Freeing init memory: 100K
Warning: unable to open an initial console.
Kernel panic - not syncing: No init found. Try passing init= option to kernel.

pinniped 08-22-2008 06:55 AM

Your 'initrd' image needs to have a console node in the /dev directory - so check your initrd image, not just your final root filesystem.

When the scripts in the initrd image have set up the system, the final root filesystem is mounted (already done in your log above) and then control is passed to the 'init' program which becomes the mother of all processes. Check the 'init' script in your initrd image to see what it is trying to invoke. This can be just about anything from a custom 'init' program to invoking 'busybox' as 'init'.

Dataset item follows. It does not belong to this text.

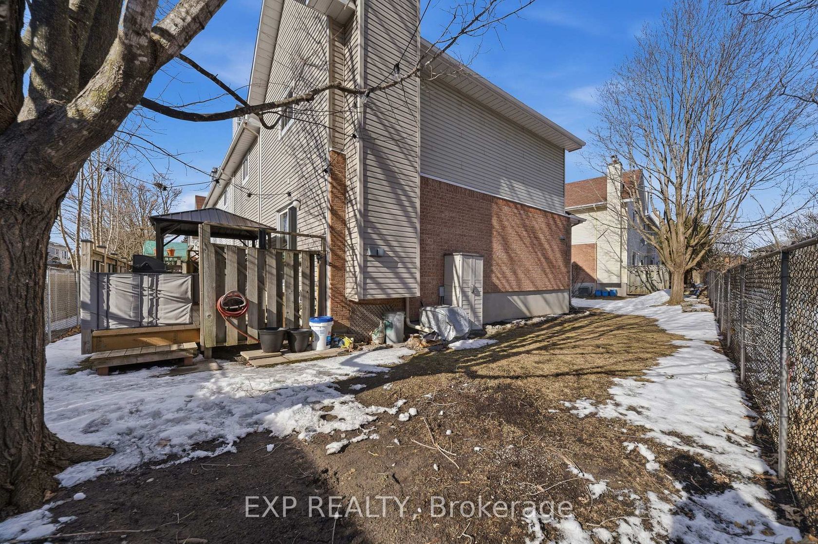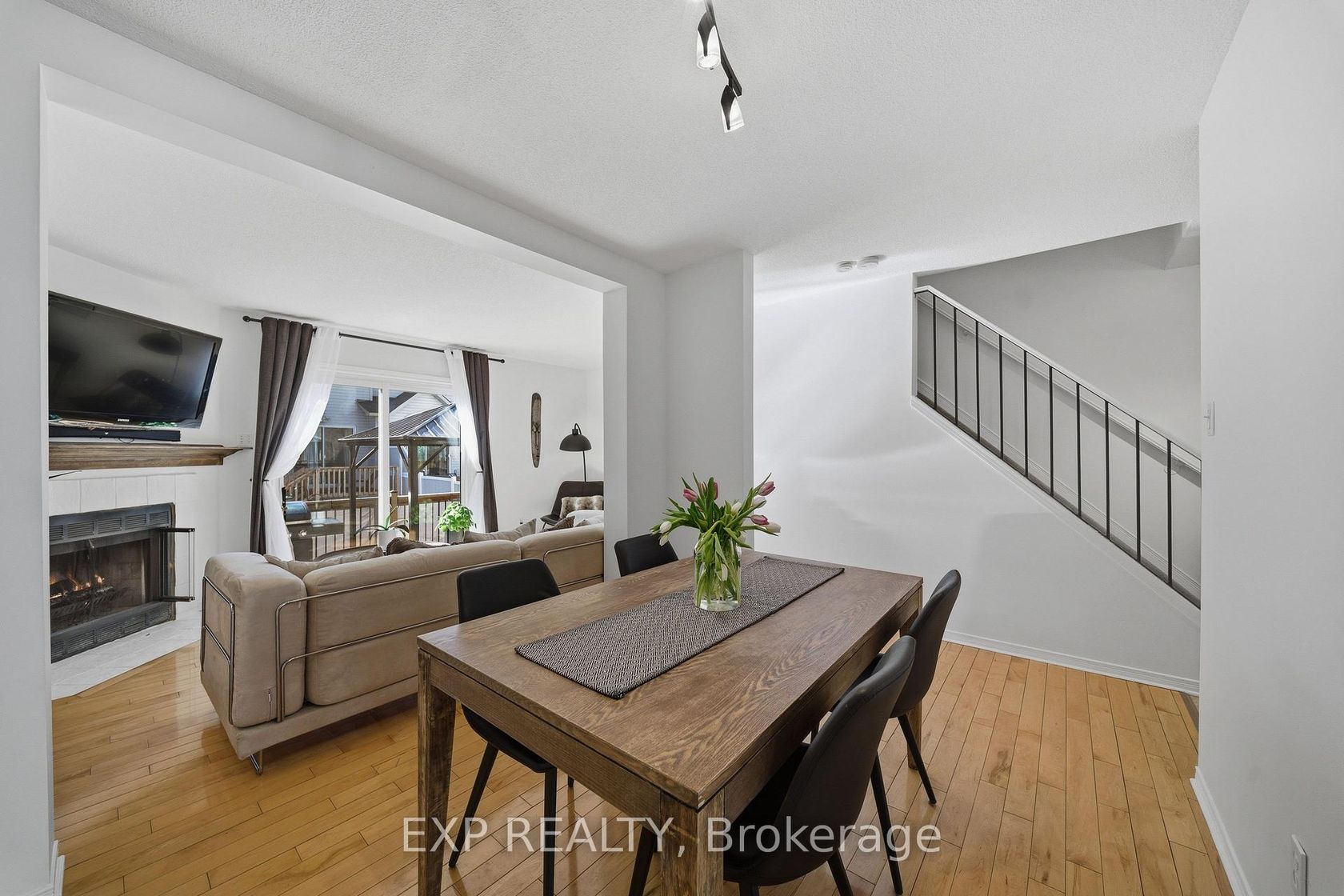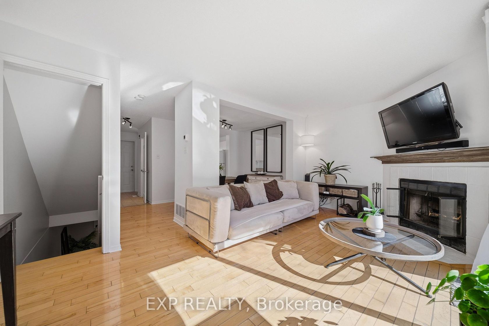 Situated on a quiet court, this inviting 2-bedroom, 2-bathroom end-unit condo townhome offers comfort, functionality, and added privacy. The bright main level features a dedicated dining area, a spacious living room with a cozy wood-burning fireplace, and walk-out access to the fully fenced rear yard with deck - perfect for relaxing or entertaining. The eat-in kitchen and convenient powder room complete the main floor. Upstairs, you'll find two generously sized bedrooms with large closets and a well-appointed 3-piece bathroom. The fully finished basement adds valuable living space with a large recreation room and ample storage. Ideally located close to shopping, parks, and transit, this home is a fantastic opportunity for first-time buyers, downsizers, or investors looking for a well-maintained property in a desirable setting.

What we know from your log: a partition is mounted as the root filesystem (is it the correct partition?) and that the 'init' program cannot be found (the initrd 'init' script often checks for /init and /sbin/init). So you need to figure out what went wrong.

Agrouf 08-22-2008 08:19 AM

Is there an init command on that machine?
Are you using an initrd file?

PTrenholme 08-22-2008 10:37 AM

From the output you posted, your initial command line is mem=64M console=ttyS0,115200 initrd=0x21100000,3145728 root
=/dev/ram0 rw
. That's pointing your system console to ttyS0, an attached serial terminal (IIRC). So, if you don't have a terminal attached to your serial port, you shouldn't be surprised when it fails to boot.

I note that the system appears to have a couple USB ports (probably version 1 ports), so you could try a USB boot from a memory stick or (if you have a CD drive on the system -- I didn't see any mention of one) you could download a "Live CD" from some (older, perhaps?) distribution and see what happens when you boot from it.

Mara 08-22-2008 02:33 PM

Moderator note: two threads, each with answers, have been merged. Please post your next question only once.